National Science Foundation Grants $10 Millon to eBird

The National Science Foundation (NSF) announced $30 million in funding to three Expeditions in Computing projects. Each grant will provide $10 million over five years to interdisciplinary, multi-investigator research teams to support transformative computing and information technology research. The Expeditions projects constitute the largest single investments in computer and information science research NSF has made. One of these $10 million grants was awarded to a team lead by Carla Gomes of Cornell University to advance Computational Sustainability, which aims to apply computational techniques to balance environmental, economic and societal needs to support sustainable development and a sustainable future. The eBird Team frequently collaborates with Carla and her team—please read more to learn about her work and the official NSF press release showcasing our new abundance map of Tree Swallow.
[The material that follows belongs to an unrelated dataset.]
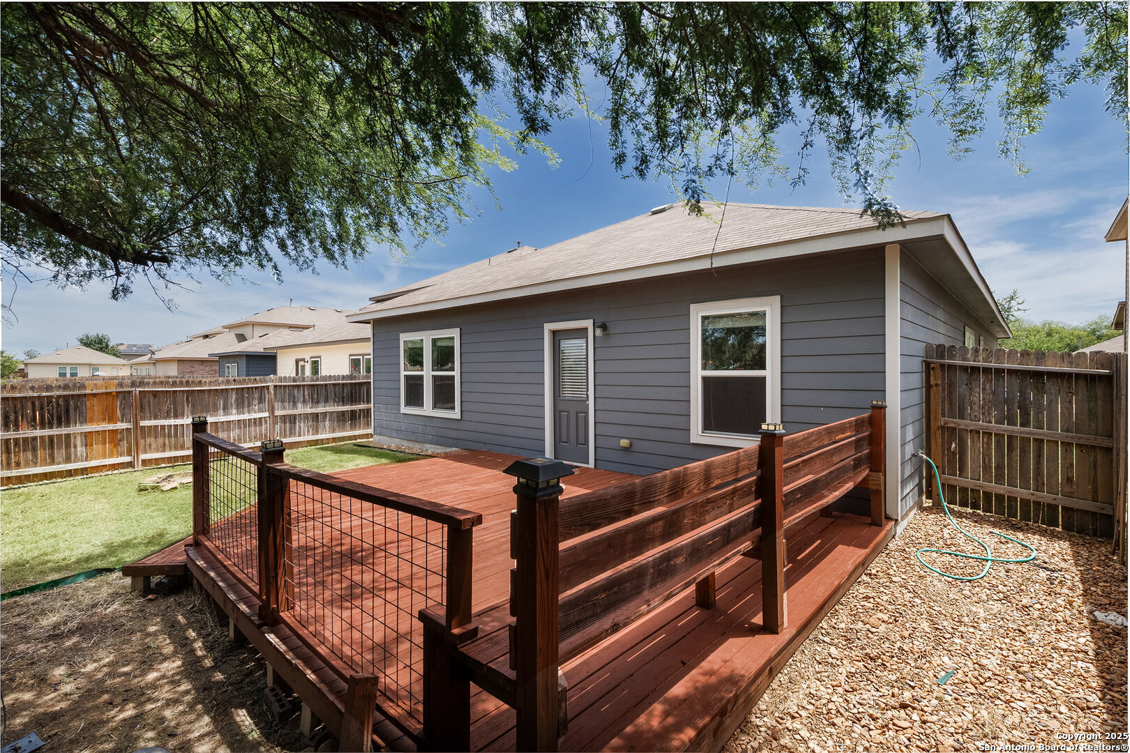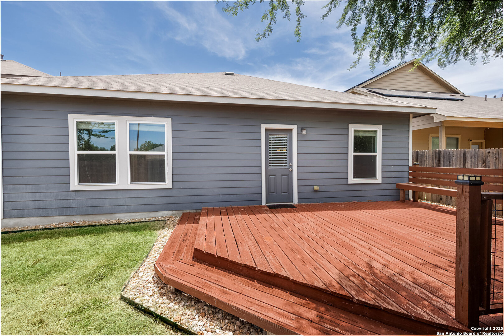 Discover this charming one-story, 4-bedroom home in the highly desirable Kriewald Place subdivision-just minutes from Lackland Air Force Base, Hwy 90, and Loop 410. Featuring a spacious open layout, private primary suite, and plenty of room for family, guests, or a home office-this home offers comfort and flexibility. It also comes equipped with solar panels, making it a highly energy-efficient choice that helps keep utility costs low. Step outside to a large backyard deck, perfect for relaxing, entertaining, or enjoying evening barbecues under the Texas sky. Located in a friendly neighborhood close to parks, schools, and shopping-this home truly checks all the boxes. Low bills, great location, and an outdoor space you'll love-schedule your showing today!

The animation shows the annual cycle of the entire Tree Swallow population. The "hotter" the color, the higher relative abundance of the population at that location. This visualization allows us to see how Tree Swallows migrate across the continent and to identify the most important regions during each phase of the journey.

In the winter, Tree Swallows concentrate into distinct eastern and western sub-populations. As the spring migration begins, these populations explode northward and expand across the entire continent into their breeding grounds. The fall migration proceeds at a more leisurely pace as the populations return south, separating, and then concentrating into the Central Valley of California, the lower Mississippi River valley and Florida.

The animation was produced using the Spatio-Temporal Exploratory Model to predict population abundances across broad spatial and temporal scales. By relating local environmental features derived from NASA remote sensing data to observations of species from eBird, the model can discover complex spatio-temporal patterns and make predictions at unsampled locations and times.